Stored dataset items

*** Block opens ***

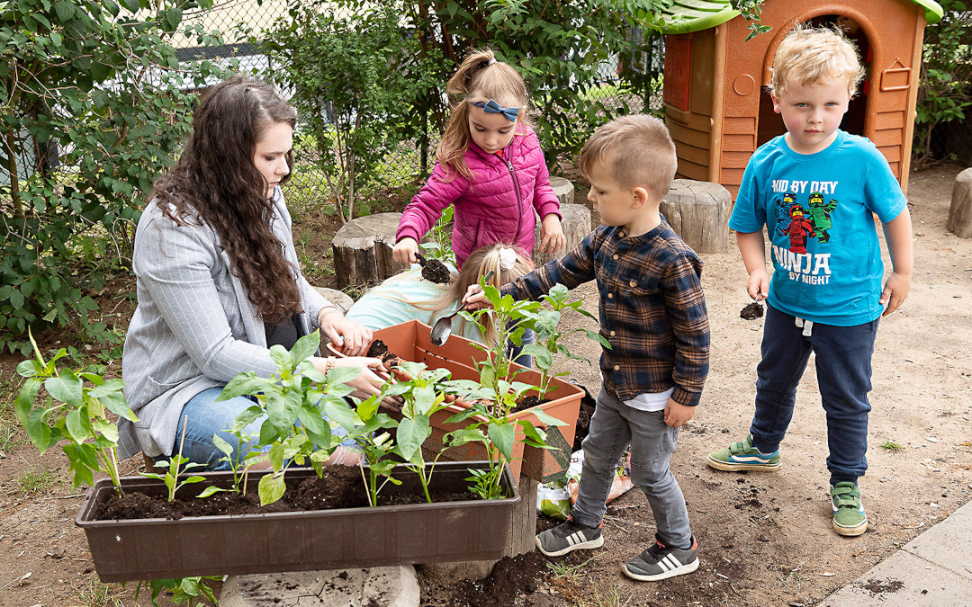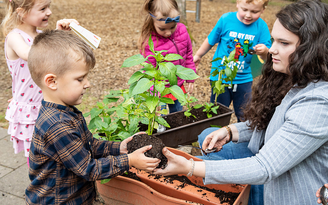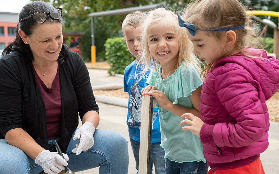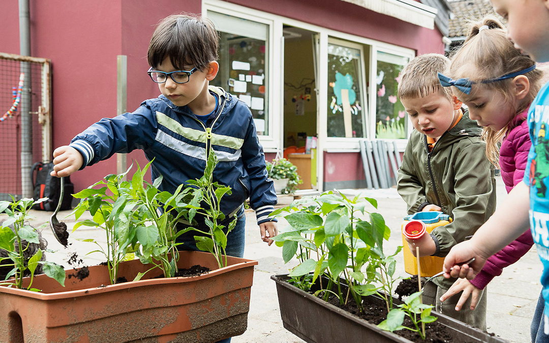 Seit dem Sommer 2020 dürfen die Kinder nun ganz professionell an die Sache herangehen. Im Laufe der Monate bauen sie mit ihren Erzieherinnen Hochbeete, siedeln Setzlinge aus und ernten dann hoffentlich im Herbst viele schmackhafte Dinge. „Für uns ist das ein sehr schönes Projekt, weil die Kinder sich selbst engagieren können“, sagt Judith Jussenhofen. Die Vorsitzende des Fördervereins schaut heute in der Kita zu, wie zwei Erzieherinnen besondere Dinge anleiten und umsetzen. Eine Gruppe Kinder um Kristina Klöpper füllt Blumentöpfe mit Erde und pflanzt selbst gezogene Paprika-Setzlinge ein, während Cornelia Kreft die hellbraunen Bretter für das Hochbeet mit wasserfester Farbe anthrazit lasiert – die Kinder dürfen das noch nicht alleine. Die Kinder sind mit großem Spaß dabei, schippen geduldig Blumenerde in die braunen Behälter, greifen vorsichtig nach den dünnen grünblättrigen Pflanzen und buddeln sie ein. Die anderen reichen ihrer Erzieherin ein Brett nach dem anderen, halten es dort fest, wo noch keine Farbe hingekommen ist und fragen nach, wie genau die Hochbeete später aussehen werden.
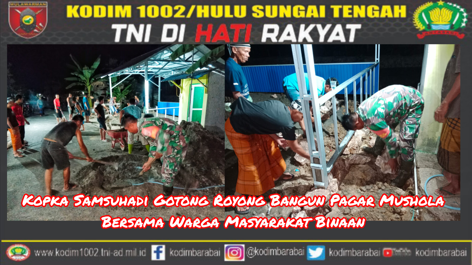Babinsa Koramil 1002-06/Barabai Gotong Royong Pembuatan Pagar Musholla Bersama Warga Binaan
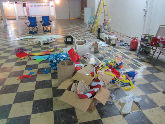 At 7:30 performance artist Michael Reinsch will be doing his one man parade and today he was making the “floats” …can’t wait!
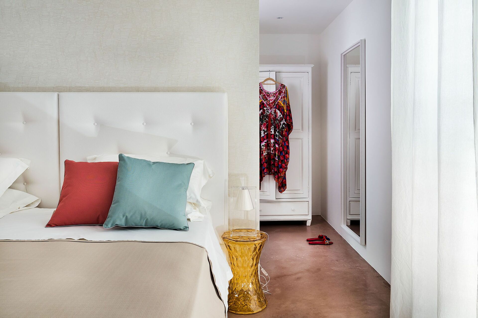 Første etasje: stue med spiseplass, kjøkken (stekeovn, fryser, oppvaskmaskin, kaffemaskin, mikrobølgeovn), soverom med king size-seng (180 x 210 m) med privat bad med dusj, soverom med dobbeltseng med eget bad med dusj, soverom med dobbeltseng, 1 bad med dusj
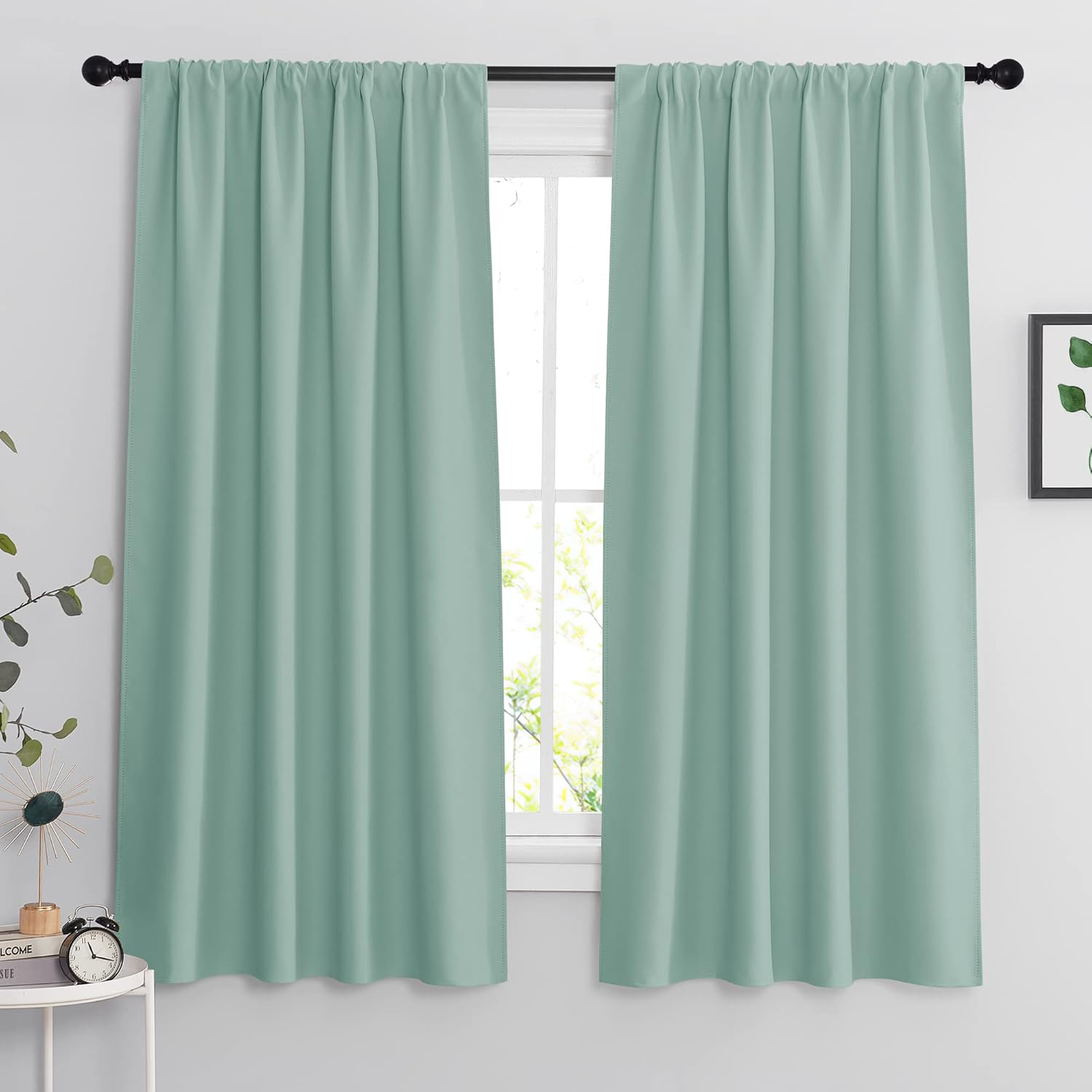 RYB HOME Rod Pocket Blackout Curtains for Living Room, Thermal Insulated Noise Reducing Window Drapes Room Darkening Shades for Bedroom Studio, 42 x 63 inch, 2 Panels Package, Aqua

*** Block closes ***

Prompt — If pictures appear among the records, do not carry them over; retype the rest exactly.

Response —
 Seit dem Sommer 2020 dürfen die Kinder nun ganz professionell an die Sache herangehen. Im Laufe der Monate bauen sie mit ihren Erzieherinnen Hochbeete, siedeln Setzlinge aus und ernten dann hoffentlich im Herbst viele schmackhafte Dinge. „Für uns ist das ein sehr schönes Projekt, weil die Kinder sich selbst engagieren können“, sagt Judith Jussenhofen. Die Vorsitzende des Fördervereins schaut heute in der Kita zu, wie zwei Erzieherinnen besondere Dinge anleiten und umsetzen. Eine Gruppe Kinder um Kristina Klöpper füllt Blumentöpfe mit Erde und pflanzt selbst gezogene Paprika-Setzlinge ein, während Cornelia Kreft die hellbraunen Bretter für das Hochbeet mit wasserfester Farbe anthrazit lasiert – die Kinder dürfen das noch nicht alleine. Die Kinder sind mit großem Spaß dabei, schippen geduldig Blumenerde in die braunen Behälter, greifen vorsichtig nach den dünnen grünblättrigen Pflanzen und buddeln sie ein. Die anderen reichen ihrer Erzieherin ein Brett nach dem anderen, halten es dort fest, wo noch keine Farbe hingekommen ist und fragen nach, wie genau die Hochbeete später aussehen werden.
Babinsa Koramil 1002-06/Barabai Gotong Royong Pembuatan Pagar Musholla Bersama Warga Binaan
 At 7:30 performance artist Michael Reinsch will be doing his one man parade and today he was making the “floats” …can’t wait!
 Første etasje: stue med spiseplass, kjøkken (stekeovn, fryser, oppvaskmaskin, kaffemaskin, mikrobølgeovn), soverom med king size-seng (180 x 210 m) med privat bad med dusj, soverom med dobbeltseng med eget bad med dusj, soverom med dobbeltseng, 1 bad med dusj
 RYB HOME Rod Pocket Blackout Curtains for Living Room, Thermal Insulated Noise Reducing Window Drapes Room Darkening Shades for Bedroom Studio, 42 x 63 inch, 2 Panels Package, Aqua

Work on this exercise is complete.